I do not understand how, in the 21st century, we are still seeing video clips of cout d’états, images of the peoples’ will being trampled. What has become of Latin America? Perhaps it is that there is the almost limitless power handed to those in charge. Today, with this power, we witness the ousting of Manuel Zelaya Rosales from the presidency of Honduras, tomorrow perhaps another issue.

I believe that the heart of Latin America is in mourning, for this I will be honest and true to my own conscience: I do not agree, nor do I support the system of the Zelayan government, as also I would like to clarify that I have nothing against those who think more to the left, though that terminology in itself has been distorted. Today I saw on televisions nation’s sadness and pain for its people. The poor soldiers are probably living through the scariest moments of their lives right now. Having seen some of the same moments, I am reminded of my own experiences in forced military service: if an order given to you does not exalt your superior, it is best not to follow it. Thank God I was not faced with such a decision.

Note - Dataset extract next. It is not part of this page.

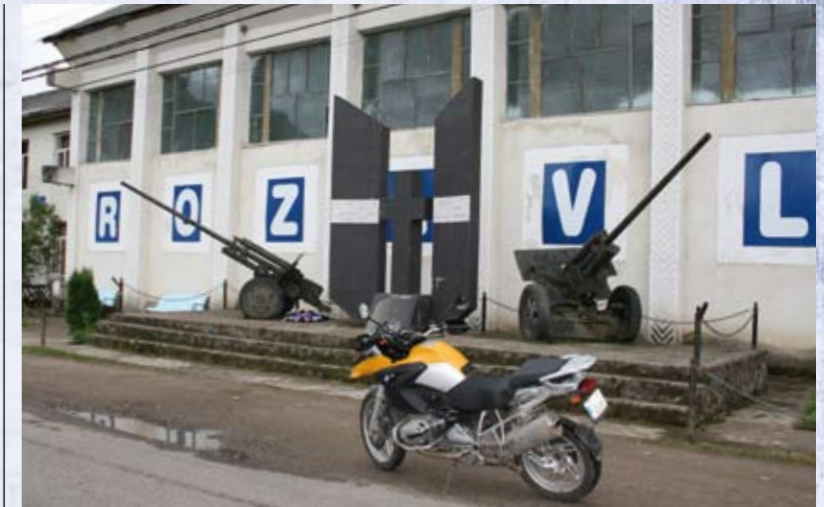
Just so you don't forget that this was once a Warsaw Pact country ...

place for the night. Okay, so I haven't actually seen that many chainsaw-carved spiral staircases, I have to admit, but this was just a work of art - beautifully done, but not prissily so, y'know? Big logs - fitted together very cleverly. Well, it impressed me anyway.

It is possible that this situation in Honduras will be escalated to outside federal organizations or even to the UN for arbitration, however the outcome will most likely not change. Will we forever live in countries where those in power have to continuously worry about the axe coming down on them, as in the story of Damocles? It is a difficult but necessary dichotomy if we want to grow in the ways of freedom.

Those who oppose Zelaya can refute accusations of misconduct all they want however the presence of the military on this political stage strikes quite a blow to their attempt at validating their actions. Also, if I can say so happily, no one has officially recognized Roberto Micheletti as the new president of Honduras. Let us pray for the Honduran people and to them all my solidarity, especially those members of the press whose rights are not being upheld.

The most important thing in these moments of political instability is to return to the institution of democracy by respecting the will of the people, in spite of all the powerful people behind those in power. We should all feel ashamed that though everyone seeks freedom and honor, all the Hondurans endured was the hijacking of their democratic rights.